A Day for Exploring College Realities
Gabriel Gaskin, College Transition Day's facilitator, began by asking the scholars to share which borough they came from, which college they were bound for, and what was “Your academic superpower — you know you have one.” Math, time management and, perhaps most importantly, a willingness to ask for help were all cited.
Gabe, the founder of a consultancy called the Pax Crew that specializes in diversity and inclusiveness, then asked the scholars to close their eyes and envision their first day on campus: “What does it feel like to walk into your first class, meet your first professor, have a card that essentially lets you get whatever food you want?”
Conversation led Gabe into the discussion of “Imposter Syndrome” — the feeling, in this case, that the admissions committee must have made a mistake. Xabier, who is entering his sophomore year at Columbia, said that his dormitory floor had a large banner that read: “You belong here.” He recalled thinking, “Not me.” Then he realized that everybody else felt the same way. That discovery helped him overcome his doubts. “Remind yourself,” Gabe said, invoking those academic superpowers, “that you are great!”

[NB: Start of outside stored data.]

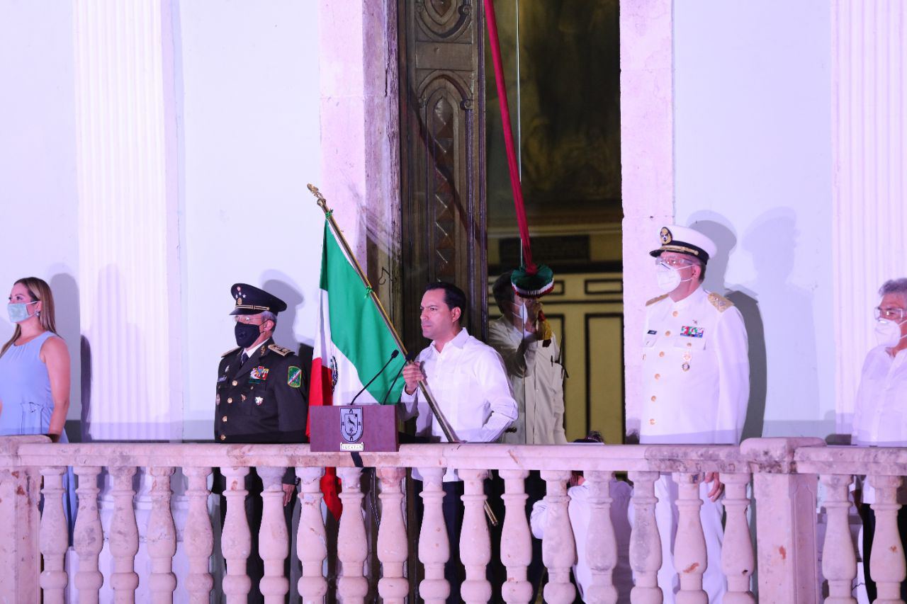 “¡Mexicanos, viva la independencia nacional!, ¡Vivan los héroes que nos dieron patria!, ¡Viva Hidalgo!, ¡Viva Morelos!, ¡Viva Guerrero!, ¡Viva Josefa Ortiz de Domínguez!, ¡Viva Yucatán!, ¡Viva la soberanía nacional!, ¡Viva México, viva México, viva México!”, exclamó Vila Dosal, para posteriormente hacer tañer la campana y ondear la bandera nacional.
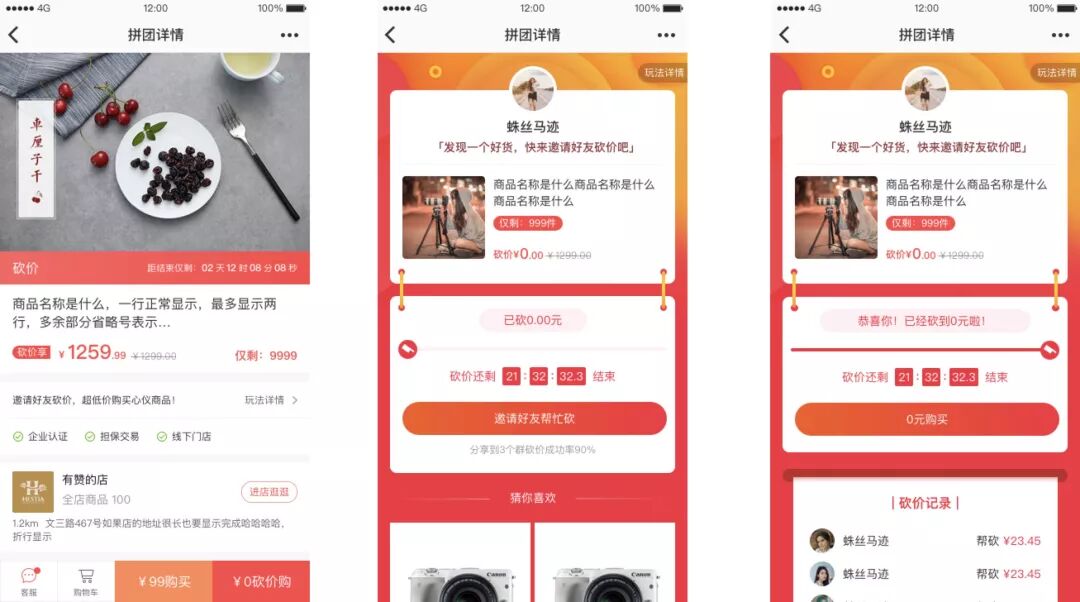 砍價0元購,即用戶選擇心儀商品發(fā)起砍價活動,分享給多個好友后,通過好友的助力,使商品價格不斷降低,當(dāng)足夠人數(shù)的好友助力砍價后,砍到商品最低價格(可以為0元)后,用戶可以按照此價格下單,獲得該商品。同時幫助該用戶砍價的好友,看到此活動后,也可以發(fā)起砍價,邀請更多人參與到砍價活動中,實現(xiàn)粉絲裂變增長的目的。
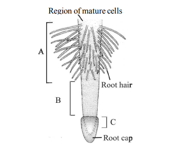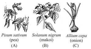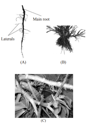 Q141. The given figure (A, B, and C) shows different types of roots. Identify the root which is seen in wheat plant.
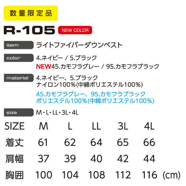 イーブンリバー(EVEN RIVER) ライトファイバーダウンベスト 【WINTER CLOTHES】 R-105 中面入りライトダウンベスト 軽くて暖かいインナー&アウターで幅広くつかえるアイテム 防寒服 防寒ウエア 2020秋冬新商品
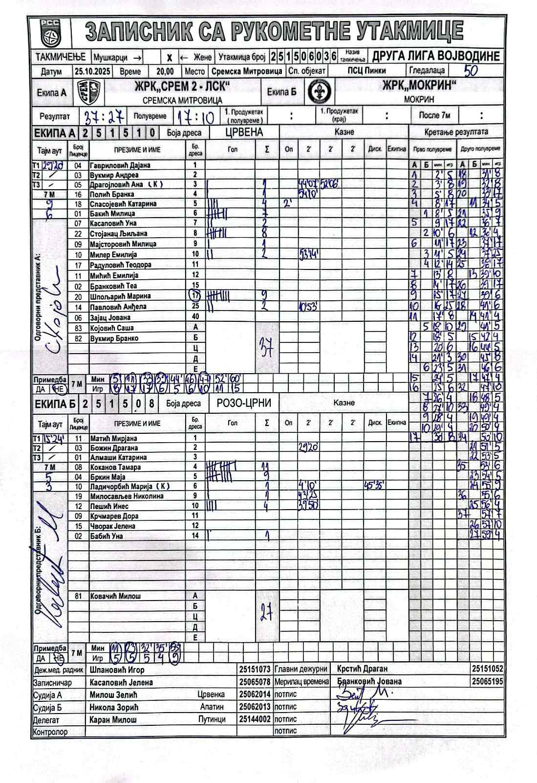 А судија: Милош Зелић Б судија: Никола Зорић Делегат: Милош Каран |
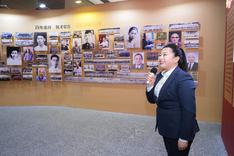 “我抽到的是五号,那我以后就叫‘伍豪’了!”在介绍青年周恩来事迹的展板前,南开大学原创话剧《周恩来回南开》剧组的学生演员们用铿锵有力的戏剧语言,再现了百年前那个在南开大学求学并组建觉悟社的青年周恩来形象。台上“愿相会于中华腾飞世界时”的呐喊,与台下新时代南开青年的目光交汇,完成了一场跨越时空的青春对话。
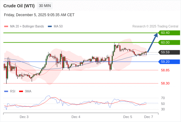 在 59.20 之上,看涨,目标价位为 60.00 ,然后为 60.40 。
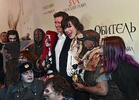 American actress Milla Jovovich (centre) and her husband, English film director Paul W. S. Anderson pose for a photograph during the premiere of the 'Resident Evil: The Final Chapter' movie by Anderson.
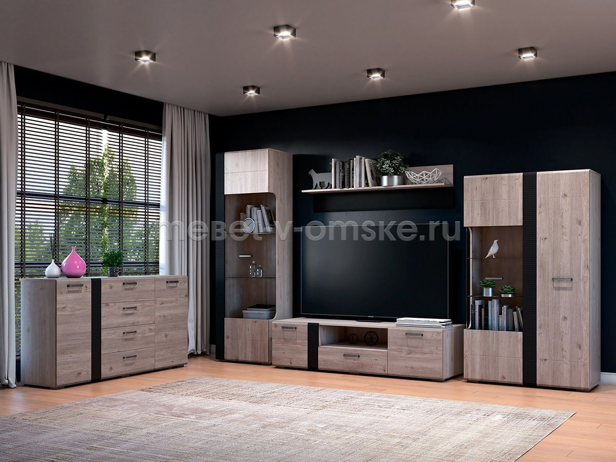 Гостиная "Бриз" модульного типа включает стандартный набор мебели: различные шкафы для хранения с витринами, комод, подставку под телевизор и навесную полку.
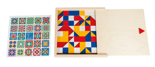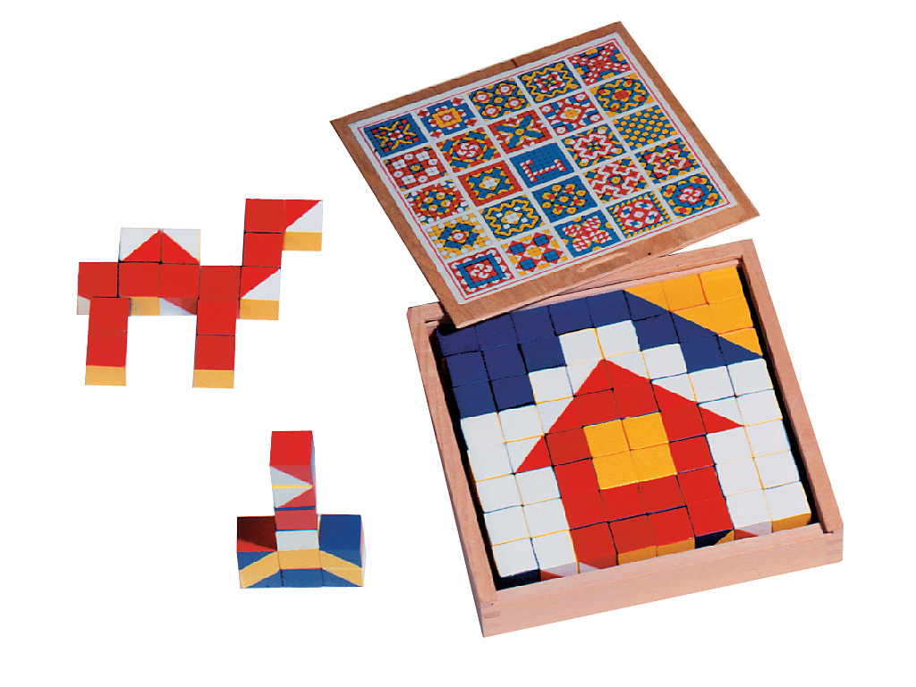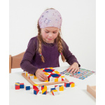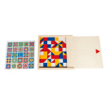 Съдържание/ материали / размери: 64 цветни дървени кубчета (2,4х2,4 см) в дървена кутия с плъзгащ се капак, 21,5х21,5х4 см.
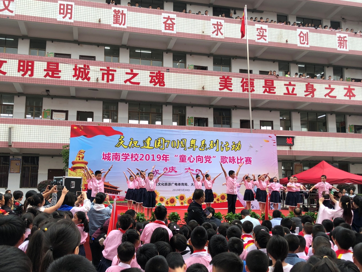 2019年5月30日,在邵阳市城南学校操场, 城南学校2019年“童心向党”歌咏比赛隆重举行,这次活动由大祥文体广新局、大祥区文化馆、邵阳市城南学校联合举办,是庆祝建国70周年系列活动的一部分。比赛现场,可爱的孩子们表演了众多爱国爱党歌曲,表达了对共产党丰功伟绩的歌颂,对伟大祖国的热爱。

Topics covered during the day went beyond academics, to dealing with roommate challenges, asking for help, handling finances and techniques for grappling with the large amount of required reading. Laura Wilson, chief executive of Wilson Prep, an SAT and academic tutoring group, said that being a better and faster reader of nonfiction writing meant becoming “a detective of meaning.” She demonstrated multiple techniques for quickly and thoroughly analyzing nonfiction writing.
The day’s last item of business began when Kate asked each of the scholars to write down specific intentions for the next year. Among them: “Meet with three professors.” “Join two activities.” “Try not to hit the Freshman 15.” “Meet five to ten people a semester that I like.” “Create a schedule for myself that I actually follow.” “Become really good friends with my roommate.” And: “Learn to kayak."